DATA PROVIDED:

▽

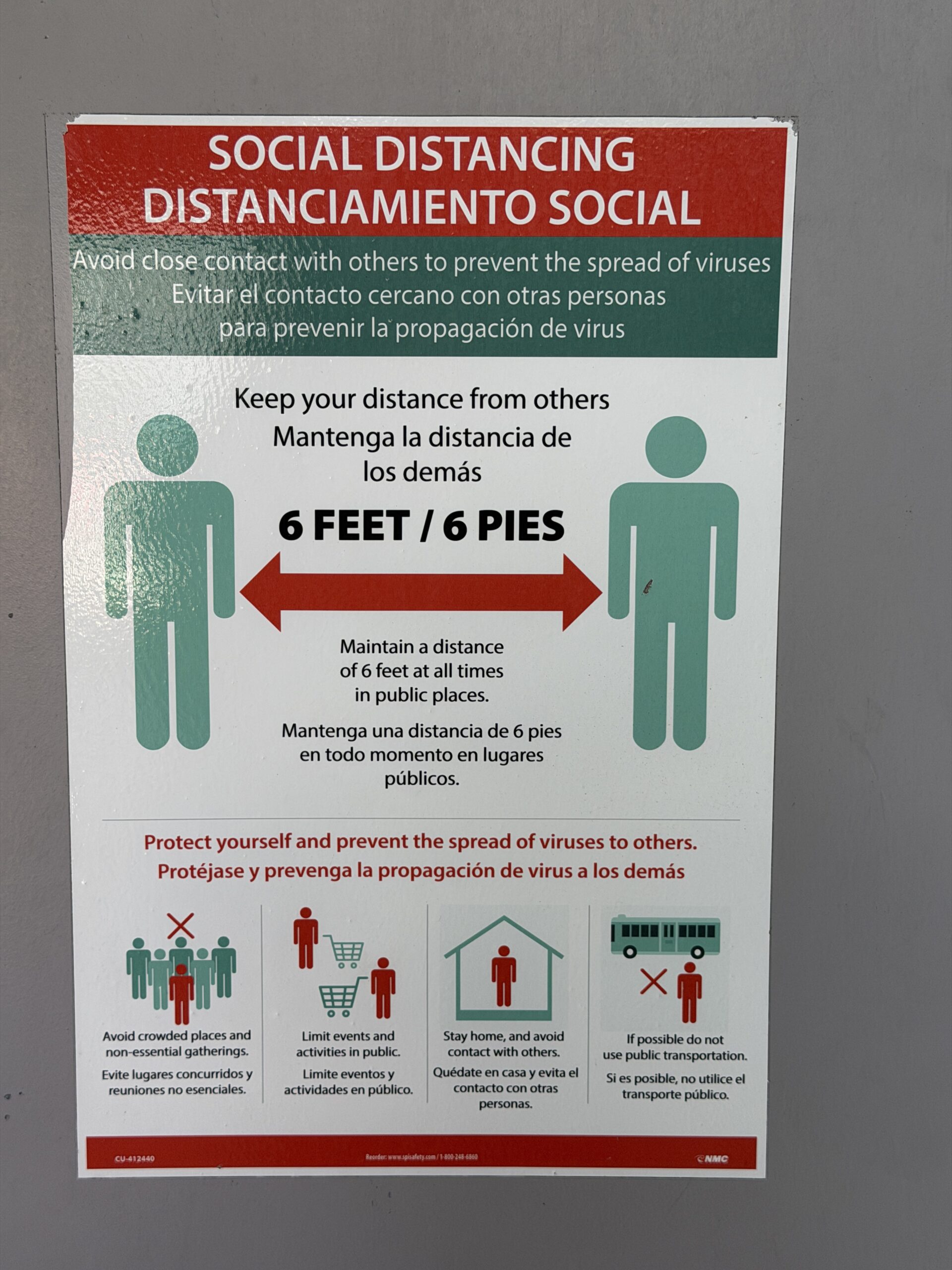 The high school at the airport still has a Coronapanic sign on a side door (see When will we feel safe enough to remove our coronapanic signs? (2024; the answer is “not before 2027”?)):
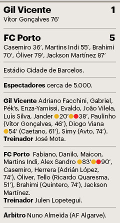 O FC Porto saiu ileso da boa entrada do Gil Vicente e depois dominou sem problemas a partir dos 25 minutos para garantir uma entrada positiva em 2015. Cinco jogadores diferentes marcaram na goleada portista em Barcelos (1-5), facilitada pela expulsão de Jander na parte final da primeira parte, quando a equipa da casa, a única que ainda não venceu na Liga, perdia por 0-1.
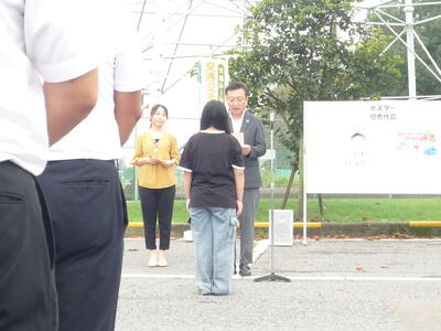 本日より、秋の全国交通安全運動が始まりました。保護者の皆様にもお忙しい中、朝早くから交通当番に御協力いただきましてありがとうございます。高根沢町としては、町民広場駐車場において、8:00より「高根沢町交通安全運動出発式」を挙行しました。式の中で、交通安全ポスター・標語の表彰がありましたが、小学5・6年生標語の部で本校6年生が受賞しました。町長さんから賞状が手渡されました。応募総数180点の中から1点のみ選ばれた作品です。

△

EXERCISE: Leaving every picture out, please copy exactly the lines from the one holding "O FC Porto saiu" through the last line of the listing, both ends included.

SOLUTION:
 O FC Porto saiu ileso da boa entrada do Gil Vicente e depois dominou sem problemas a partir dos 25 minutos para garantir uma entrada positiva em 2015. Cinco jogadores diferentes marcaram na goleada portista em Barcelos (1-5), facilitada pela expulsão de Jander na parte final da primeira parte, quando a equipa da casa, a única que ainda não venceu na Liga, perdia por 0-1.
 本日より、秋の全国交通安全運動が始まりました。保護者の皆様にもお忙しい中、朝早くから交通当番に御協力いただきましてありがとうございます。高根沢町としては、町民広場駐車場において、8:00より「高根沢町交通安全運動出発式」を挙行しました。式の中で、交通安全ポスター・標語の表彰がありましたが、小学5・6年生標語の部で本校6年生が受賞しました。町長さんから賞状が手渡されました。応募総数180点の中から1点のみ選ばれた作品です。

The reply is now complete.